The industry in Britain has been described as "small but imperfectly formed" by some snobs. But in vineyards from Kent to Gloucester, Surrey to Norfolk, there is quiet optimism that this year's vintage will be a significant step in changing public perceptions about the native drink. Production of English wine has risen steadily over the past decade: in 1986, 319 vineyards in England and Wales produced 8,000hl of wine; by 1995, 419 vineyards were producing 12,795hl.

In the Bordeaux region, the heat and clear skies have led to the earliest harvest this century, and promises of some of the greatest wines of our time. La Tour Martillac and Smith- Haut-Lafite are already picking their grapes and others such as Lafite-Rothschild, Petrus and Margaux are set to follow soon.

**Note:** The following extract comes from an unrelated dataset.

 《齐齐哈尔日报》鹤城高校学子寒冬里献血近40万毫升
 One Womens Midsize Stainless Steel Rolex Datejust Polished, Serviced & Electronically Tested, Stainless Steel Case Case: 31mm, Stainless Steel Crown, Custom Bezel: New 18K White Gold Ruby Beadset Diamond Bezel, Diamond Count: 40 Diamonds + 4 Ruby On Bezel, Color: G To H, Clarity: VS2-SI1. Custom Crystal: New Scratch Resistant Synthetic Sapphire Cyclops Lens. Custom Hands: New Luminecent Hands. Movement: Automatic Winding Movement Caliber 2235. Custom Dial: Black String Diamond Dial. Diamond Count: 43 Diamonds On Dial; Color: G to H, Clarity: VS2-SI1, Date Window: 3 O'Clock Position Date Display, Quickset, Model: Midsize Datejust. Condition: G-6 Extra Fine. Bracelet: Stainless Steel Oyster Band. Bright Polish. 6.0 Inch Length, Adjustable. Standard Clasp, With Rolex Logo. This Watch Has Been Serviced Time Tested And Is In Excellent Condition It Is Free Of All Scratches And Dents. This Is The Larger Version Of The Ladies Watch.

Over here, things are also looking good at vineyards such as Lamberhurst, Three Choirs, and Elmham Park. The early spring frost in England which led to the loss of large numbers of grapes, in many vineyards almost half the crop, in fact paved the way for a finer quality of wines, with the surviving grapes benefiting from the sun and other natural resources.

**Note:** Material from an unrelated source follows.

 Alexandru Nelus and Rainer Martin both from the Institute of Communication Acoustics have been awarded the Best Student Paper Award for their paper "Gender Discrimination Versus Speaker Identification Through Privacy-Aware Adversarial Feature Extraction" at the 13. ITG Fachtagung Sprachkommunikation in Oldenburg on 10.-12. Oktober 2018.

The industry is making determined efforts to be taken seriously as producers. A generation of young winemakers has studied oenology here and abroad and is now experimenting with new techniques and grapes.

English wine is exported to markets as wide-ranging and eclectic as South Korea, Thailand and Sweden as well as France and Germany. But problems are posed by the strong pound: it is cheaper to buy a bottle in Calais than over here.

Godfrey Steps, of the Wine and Spirit Education Trust, said: "There is undoubtedly a rise in the popularity of English wines, and this is despite the fact that although 80 per cent of the UK wine market is made up of bottles of pounds 4 or less, most English wines cost more than that".

At Lamberhurst, Kent, one of the largest vineyards in England, more than 40 per cent of the crop died of the frost.

But that means the remainder has less competition for natural resources, and the dry conditions and the sunshine hold out the promise of sweeter grapes and fine wines.

The vineyard uses nine different grapes, the main ones being Bacchus, Seyval Blanc, and Mullerthurgau. Among the whites, Sovereign and Bacchus are becoming better known, and the '96 Red Reserve was widely praised. The '97 batch of all three are expected to be exceptional. Winemaker Simon Day said: "Roughly speaking, the adage is the lower the yield, the better the wine. We have lost out in quantity, but not in quality. English wine has come a long way recently, and hopefully this year's vintage is going to help."

Robin Don, a Norfolk winemaker, also lost around 40 per cent of his grapes in the spring frost. He points out that although the situation looks good on both sides of the Channel at present, it may change for the worse if the weather breaks, bringing rain or humidity. However, he adds that if conditions remain as they are, we can expect a very good domestic crop.

Mr Don's vineyard, Elmham Park, is one of the northernmost in the world, growing Madeleine Angevin, Schoenburgen, and Huxelsebe grapes. One of the wines he produces, Norfolk Oyster, is now exported to the Far East.

Martin Fowke, director of Three Choirs vineyard in Gloucestershire, believes this year will see a "cracking vintage". His vineyard escaped the spring frost and should be able to produce their expected volume of 250,000 bottles. The most popular ones are the Three Chairs Estate Premium, and the Bacchus l996, which last year won the International Wine Challenge seal of approval. Mr Day said: "There is certainly a lot more demand for English wine and at the moment the main problem is lack of supplies."